### YOUR OBJECTIVE
From the entries that follow, reproduce exactly and only the lines from the line with "Djeca su dobila" to the line with "9月28日下午,中国科学院青", endpoints included.

### DATASET
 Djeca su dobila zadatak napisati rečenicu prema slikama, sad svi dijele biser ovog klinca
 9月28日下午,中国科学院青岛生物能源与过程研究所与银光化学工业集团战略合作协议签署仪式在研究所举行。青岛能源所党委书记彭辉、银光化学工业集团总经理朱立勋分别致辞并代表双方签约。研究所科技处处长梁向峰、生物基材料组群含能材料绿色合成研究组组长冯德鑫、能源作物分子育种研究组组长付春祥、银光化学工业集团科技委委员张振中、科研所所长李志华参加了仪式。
==
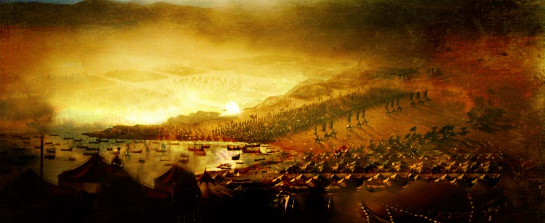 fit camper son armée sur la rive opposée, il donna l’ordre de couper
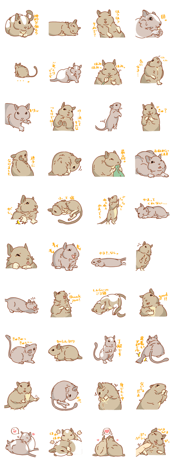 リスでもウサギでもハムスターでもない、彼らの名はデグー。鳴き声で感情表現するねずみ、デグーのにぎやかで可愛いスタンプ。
--
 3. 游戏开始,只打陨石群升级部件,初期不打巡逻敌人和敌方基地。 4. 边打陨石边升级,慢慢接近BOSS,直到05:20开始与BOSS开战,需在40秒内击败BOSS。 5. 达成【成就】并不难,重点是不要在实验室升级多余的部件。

### ANSWER SPACE
 Djeca su dobila zadatak napisati rečenicu prema slikama, sad svi dijele biser ovog klinca
 9月28日下午,中国科学院青岛生物能源与过程研究所与银光化学工业集团战略合作协议签署仪式在研究所举行。青岛能源所党委书记彭辉、银光化学工业集团总经理朱立勋分别致辞并代表双方签约。研究所科技处处长梁向峰、生物基材料组群含能材料绿色合成研究组组长冯德鑫、能源作物分子育种研究组组长付春祥、银光化学工业集团科技委委员张振中、科研所所长李志华参加了仪式。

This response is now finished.